Convergence dynamics of Agent-to-Agent Interactions with Misaligned objectives
Romain Cosentino, Sarath Shekkizhar, Adam Earle
TL;DR
This work presents a mechanistic analysis of two LSA-based in-context optimizers that alternately update from each other under potentially misaligned objectives. It establishes a theoretical framework where asymptotic errors depend on the objective gap and the prompt-induced geometry of each agent, yielding biased plateaus under fixed objectives and monotone degradation with increased misalignment. It further shows that enabling turn-by-turn adaptation via a helper agent can realize Newton-like acceleration, turning a fragile interaction into cooperative optimization. The authors validate the theory with both trained LSA agents and GPT-5-mini experiments, and offer practical design principles for aligning objectives, controlling prompt geometry, and enabling adaptive collaboration to improve robustness in multi-agent LLM systems.
Abstract
We develop and analyze a theoretical framework for agent-to-agent interactions in a simplified in-context linear regression setting. In our model, each agent is instantiated as a single-layer transformer with linear self-attention (LSA) trained to implement gradient-descent-like updates on a quadratic regression objective from in-context examples. We then study the coupled dynamics when two such LSA agents alternately update from each other's outputs under potentially misaligned fixed objectives. Within this framework, we characterize the generation dynamics and show that misalignment leads to a biased equilibrium where neither agent reaches its target, with residual errors predictable from the objective gap and the prompt-induced geometry. We further contrast this fixed objective regime with an adaptive multi-agent setting, wherein a helper agent updates a turn-based objective to implement a Newton-like step for the main agent, eliminating the plateau and accelerating its convergence.

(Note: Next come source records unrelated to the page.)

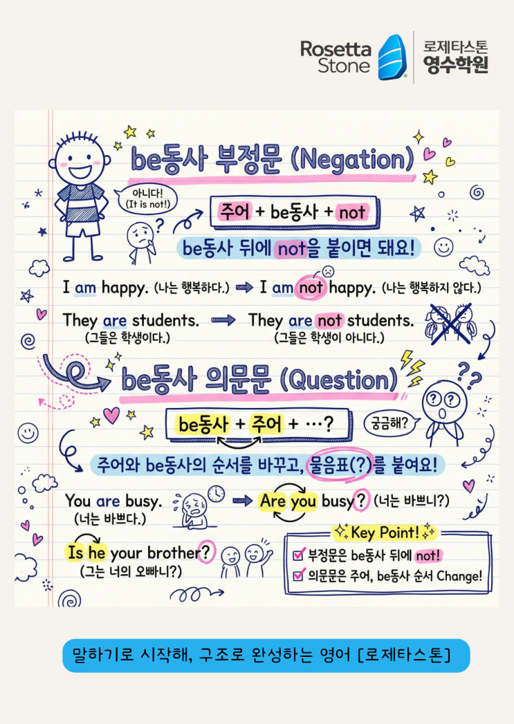신창중, 진흥중 1학년 친구들 모두 주목! — 영어의 첫 시작인 be동사, 헷갈리는 짝꿍 찾기부터 부정문, 의문문까지 , 로제타스톤이 직접 만든 귀여운 요약 노트로 한 번에 끝내봐요! 드디어 설레는 중학교 첫 학기가 시작되었네요. 특히 신창중학교와 진흥중학교에 입학한 1학년 친구들은 처음 접하는 영어 교과서와 문법 내용에 긴장도 되고 설레기도 할 거예요. 신창중 미래엔(문), 진흥중 천재(이) 1학년 영어 교과서 1단원의 가장 핵심은 뭐니 뭐니 해도 be동사죠! 시험 문제에도 빠지지 않고 등장하는 be동사, 어떻게 하면 완벽하게 내 것으로 만들 수 있을지, 귀여운 그림과 함께 기초부터 탄탄하게 정리해 볼게요. 영어의 시작, 문장의 기....... <img src="https://blogthumb.pstatic.net/MjAyNjAzMTFfODcg/MDAxNzczMjM3ODM5NTM0.Z2y6nhqVAzSMoMFHW6ZzxxP4loASHQsPSbRAszVisn4g.6Xr9U4D69akb7puD3A3Ks2v_WK0q8CFvi7zR4eSbU-Qg.PNG/%B4%DC%B6%F4_%C5%D8%BD%BA%C6%AE_%281%29.png?type=s3" />
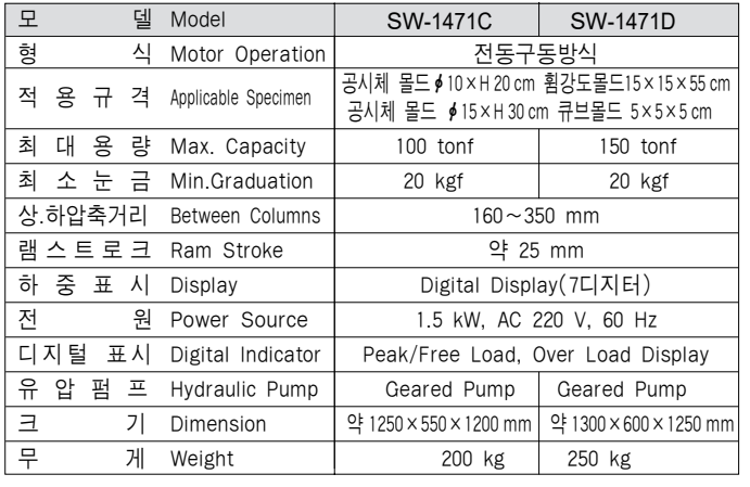 이 시험기는 디지털 전동식으로 구성되어 있으며 본체 계측부에는 One Touch Load Value가 부착되어 있어 사용자가 손쉽게 조작 할 수 있고 인디케이터 기능에는 환산 기능이 있어 사용하기 편리하다.
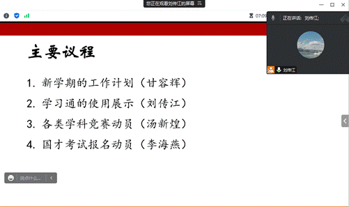 2023年9月7日周四晚上8点,外文学院大学英语部线上召开了本学期第一次全体教研会议,大会包括了四项内容:新学期工作计划、学习通的使用展示、外研社国才杯—理解当代中国全国大学生外语能力大赛动员以及国才考试报名动员。会议由外文学院刘传江主任主持。
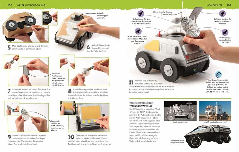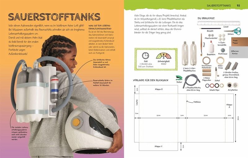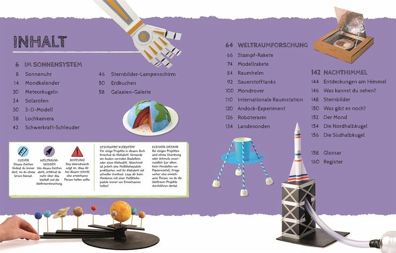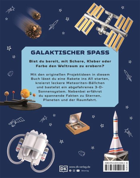 Ob Astronautenhelm, 3D-Sonnensystem, Meteoriten-Snacks oder die ISS im Modell: Mit diesen 26 originellen Bastel- und DIY-Projekten kommt garantiert keine Langeweile auf! Schritt für Schritt und mit vielen Fotos erklärt, schulen die Projekte in verschiedenen Schwierigkeitsstufen nicht nur Geduld und Konzentration, sondern vermitteln gleichzeitig spannendes (MINT-)Wissen rund um die Themen Raumfahrt, Weltall und Technik. Benötigt werden dazu überwiegend haushaltsübliche Materialien, sodass sich die Projekte auch ideal für Kindergeburtstage und Schulprojekte eignen.Hier kommt echtes Weltraum-Feeling auf!
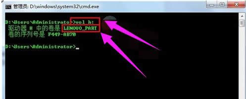 在打开的命令窗口中,首先获取要转换的磁盘的卷号:输入命令“vol h:”(其中H:表示H盘)并按回车键,就可以查看到对应磁盘的卷号。
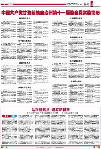 2016.12— 四川省甘孜州委常委,州人民政府党组成员、副州长
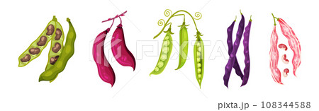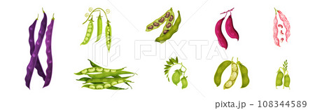 Grain Legume or Pulse Crop with Pod and Beans Vector Set
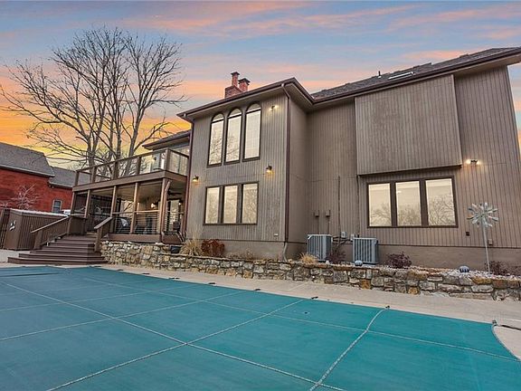 A rare gem! Easy Access and Convenient Location! Weatherby Lake!! This cozy home on a beautiful lot just inside the elite city of Weatherby Lake! Easy Access to Shopping and Entertainment. This large, Spacious home boasts: 5 spacious Bedrooms and 5 1/2 Bathrooms and an abundance of Living and Entertaining Space. The Main Level Master Bedroom has a Beautiful Private Sitting Room with Gas Fireplace, 2-Door Closet and Large Master Bathroom featuring a Vaulted Ceiling with Skylights; Large Bedrooms; Large Kitchen Eat-in with Slate Tile Flooring, Granite Counters, New Double Oven, Abundance of Cabinets, Modern Tile Backsplash, Large Glass Sliding Door with Center Pull Overlooking the New and Incredible Large Composite Deck with Modern Cable Railing; Massive Basement with Family Room, Wet Bar, Recreation Room, Dry Sauna with Two Level Seating, and Walkout to Patio. Lower Backyard Area Offers Concrete Tile Patio Surrounding the Inground Pool, Black Metal Fencing Around Pool Area, Landscaped Yard, & Firepit! Patio with Metal Roof Ceiling to protect your Patio; Large Storage space, essentially a Third Garage Space under the expanded deck near the Patio with Locking Door; Large lot that sits back from the road and has Ample Driveway Parking, 4 Cars Deep and 3 Cars Wide. You do not want to miss this one!
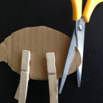 ・段ボールに木製クリップを2つ間隔をあけて挟みます。(ひつじの足になります)
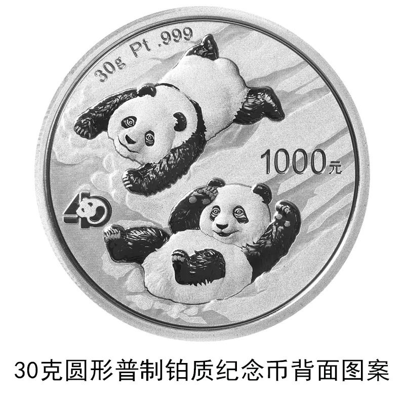 該套貴金屬紀念幣正面圖案均為北京天壇祈年殿,并刊國名、年號;背面圖案均為大熊貓滑雪嬉戲場景,輔以“熊貓金幣發(fā)行40周年標識”元素,并刊面額、重量及成色。
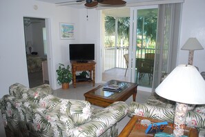 This spacious tropical condo is right across the street from the beach. The condo sleeps five with a king size bed, queen size bed, twin bed, sleeper couch as well as two full bathrooms. The unit is loaded with flat screen TV's in each room, fast WiFi, a patio and dishwasher.
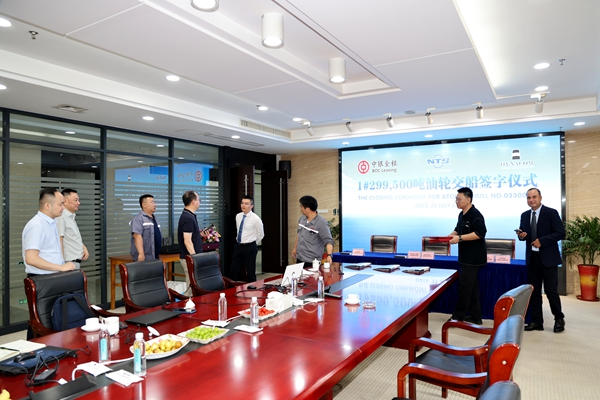 7月22日上午,公司在八樓會議室舉行船舶簽字交付儀式,名為“ATOKOS”號的1#299500噸油船交付希臘船東Dynacom運營。
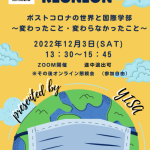 2022年10月5日 / 最終更新日時 : 2022年10月6日 yisa 最新のお知らせ 2022Reunion 開催! 早いもので今年も国際学部Reunionの時期になりました! 12月3日(土)13:30〜15:30 オンライン開催予定 プログラム詳細は近日公開! どうぞお楽しみに! またよりReunionを盛り上げるべく、企画委員も募 […]
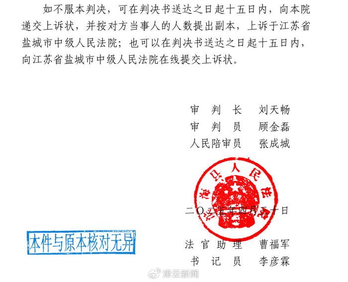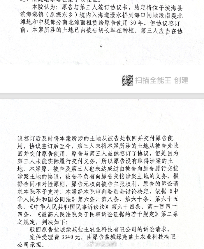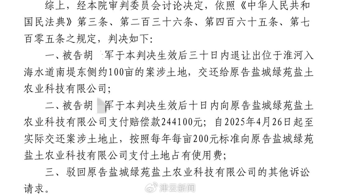 2024年1月,滨海法院对案件进行公开开庭审理。2025年4月30日,张春银得到胜诉判决。判决书显示,判决被告胡某军退让出100亩案涉土地,交还给绿苑公司,并支付相应赔偿款及土地占用使用费。
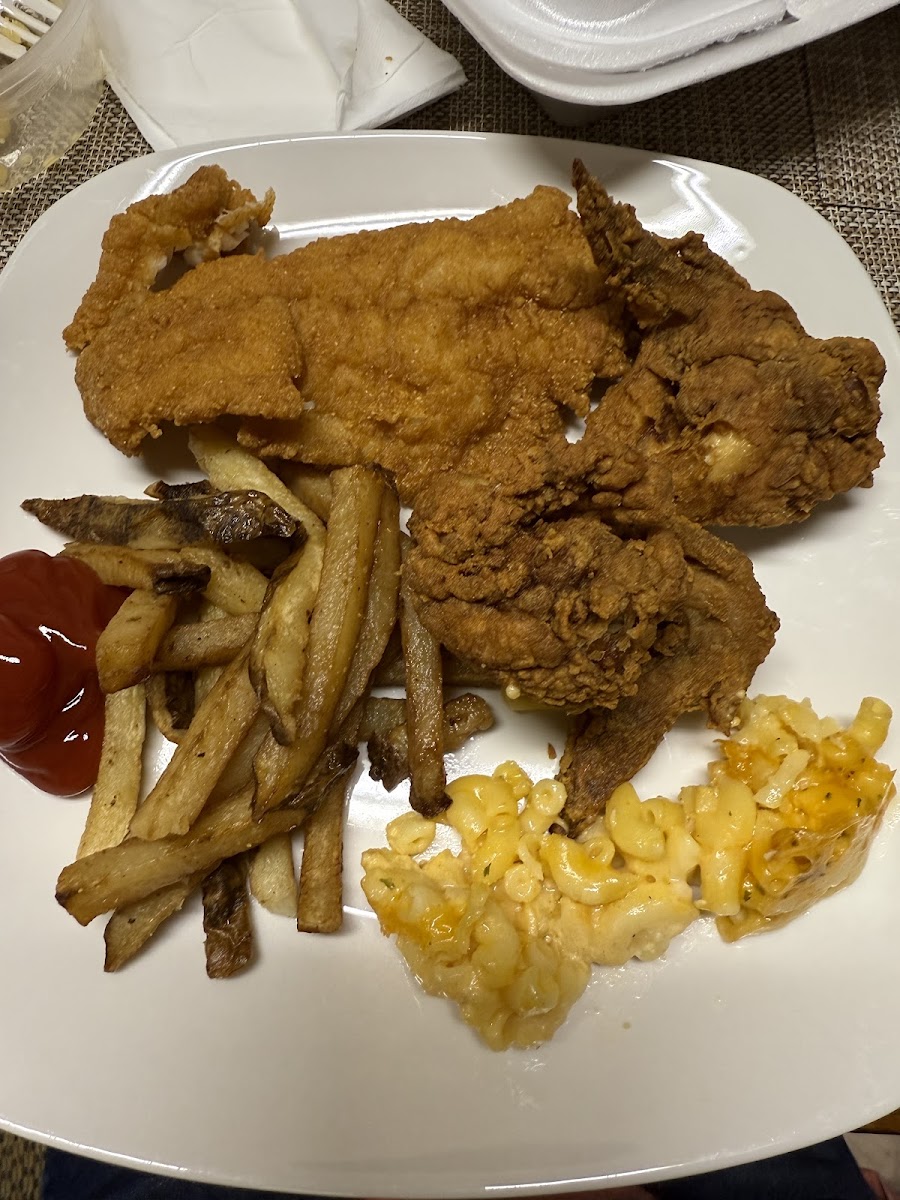 “ We have been hearing a lot about this place so we decided to phone in an order. I tried to order online only to find out that online ordering isn’t available, that’s why they got 4 instead of 5 stars. The food was great! We ordered the large catfish and wing combo fried hard with a side Mac & cheese. My wife and I split it and we still have leftovers. The seasoning was amazing, the chicken and fish were crispy too. I might go back tomorrow. I was disappointed they didn’t have any peach cobbler with extra crust so I do have to return. ”

Experiments with trained LSA agents, as well as black-box GPT-5-mini runs on in-context linear regression tasks, are consistent with our theoretical predictions within this simplified setting. We view our framework as a mechanistic framework that links prompt geometry and objective misalignment to stability, bias, and robustness, and as a stepping stone toward analyzing more realistic multi-agent LLM systems.